В рассказе «Облако, озеро, башня», написанном одновременно с романом, немецкие туристы в более жизнеподобной, не анти-утопической форме и без применения фантастики представляют собой реальную диктатуру, в которой происходит подобное, насильственное навязывание игры: агрессивно обязательное коллективное развлечение и пение хором.

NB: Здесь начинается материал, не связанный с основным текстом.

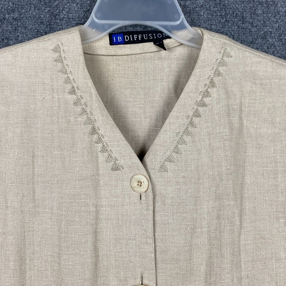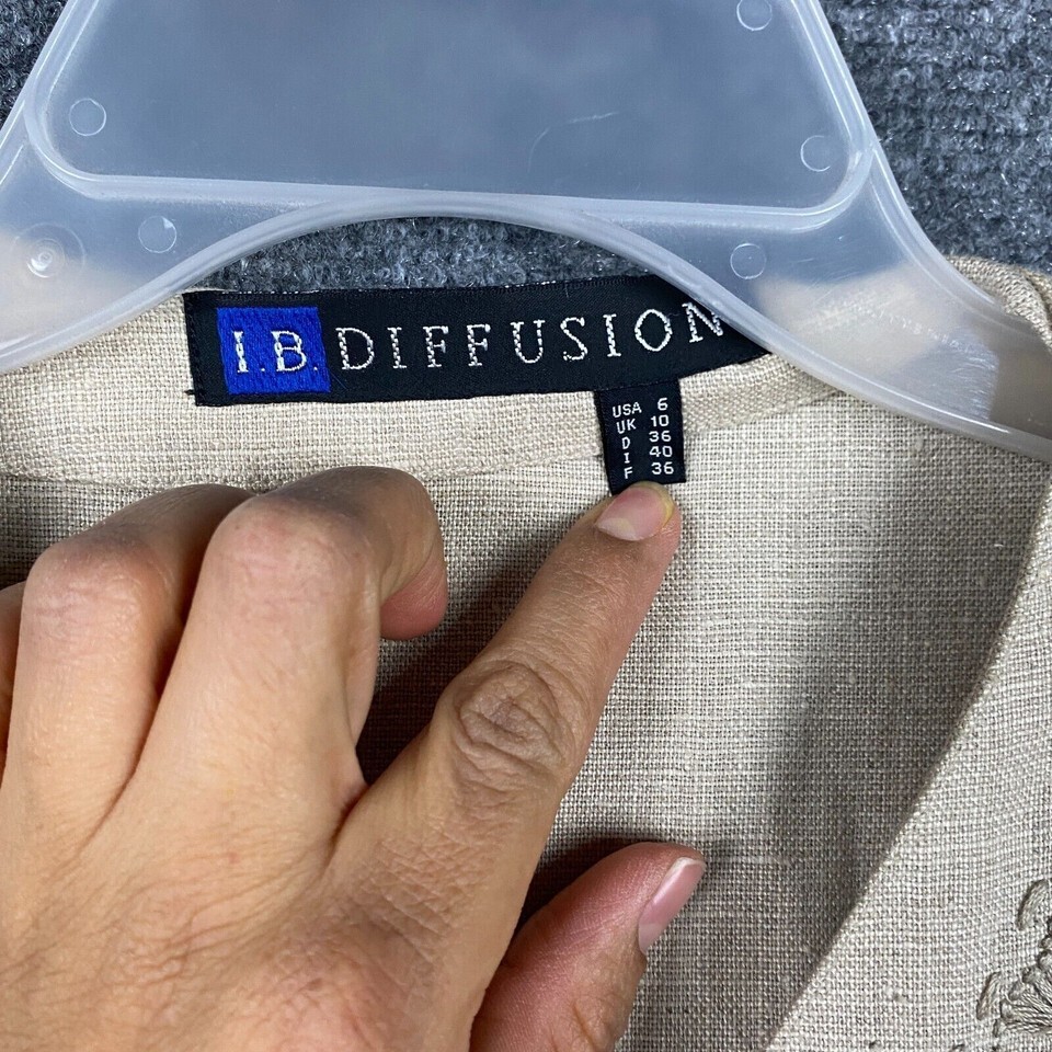 I.B. Diffusion Top Size 6 Button Up Short Sleeve Women's Beige Adults
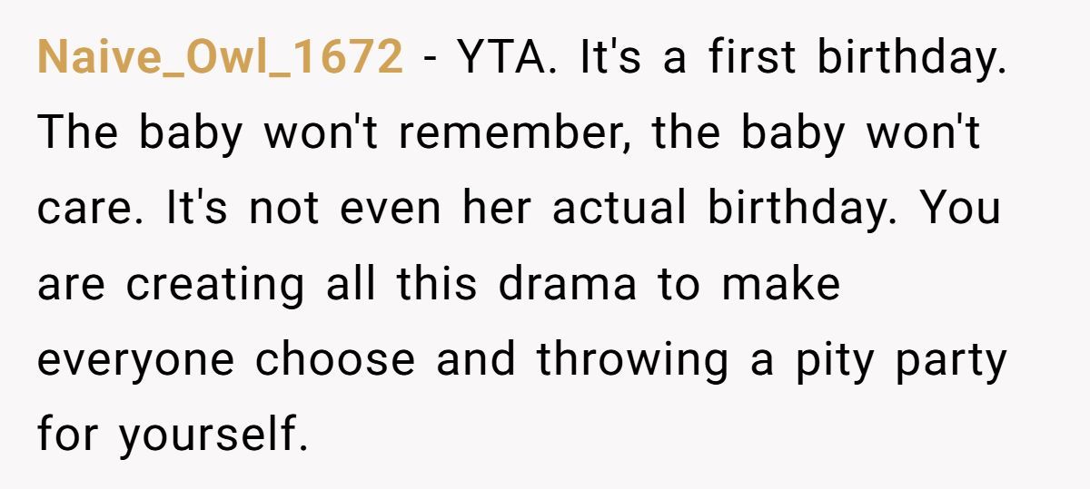 These Reddit users emphasized the child’s lack of awareness, arguing the party’s timing only serves the Redditor’s agenda
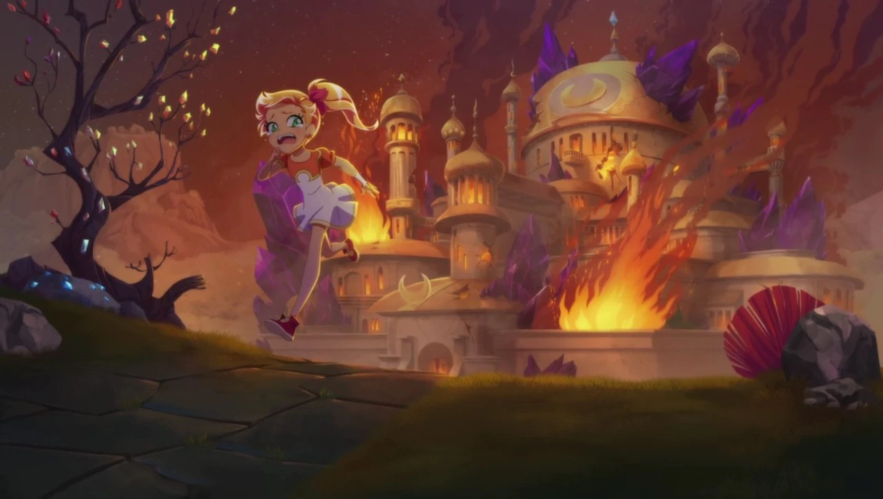 In the episode "Desert Heat", it was revealed that like Xeris, the kingdom of Volta fell from Gramorr conquest. Auriana once said she has 32 unnamed sisters, though the creators reveal on the teams Tumblr page that not all of them are blood-related and that family works differently for Voltans. Gramorr destroyed Volta and imprisoned the Royal Family of Volta in the prison of Volta. The Voltans don their dresses in red or orange hues. Voltan hair color ranges from a salmon red to a bright yellow.

Среди развлечений Пьера появляется увлечение фотографией (в отличие от обычной, высокой мотивной роли визуальных метафор в текстах Набокова здесь фотография получает вульгарную, искаженную утилитарную функцию). Пьер играет фотокарточками, как игральными картами, и на всех изображен он сам. Он также делает фотогороскопы, бесовски гадая по ним о будущем, о старости девочки Эммы. Игра в карты, подобная игре судьбами людей, похабные анекдоты и курение трубки – бесовские атрибуты или метафоры Антихриста[191]. Директор тюрьмы называет карточные фокусы «красной магией», что в общем семантическом поле с отчеством тюремщика «Виссарионович» может отсылать к советской диктатуре. Во время фокуса Пьер выбрасывает пятерку пик. Черный цвет и английское spade связывают карты со смертью, гротескной амбивалентностью, включая в семантический круг реальную лопату (spade), которой Пьер вырыл туннель, чтобы сначала показаться спасителем, а потом оказаться палачом. На его трости – набалдашник с бульдогом [НРП, 4: 181], атрибут Мефистофеля.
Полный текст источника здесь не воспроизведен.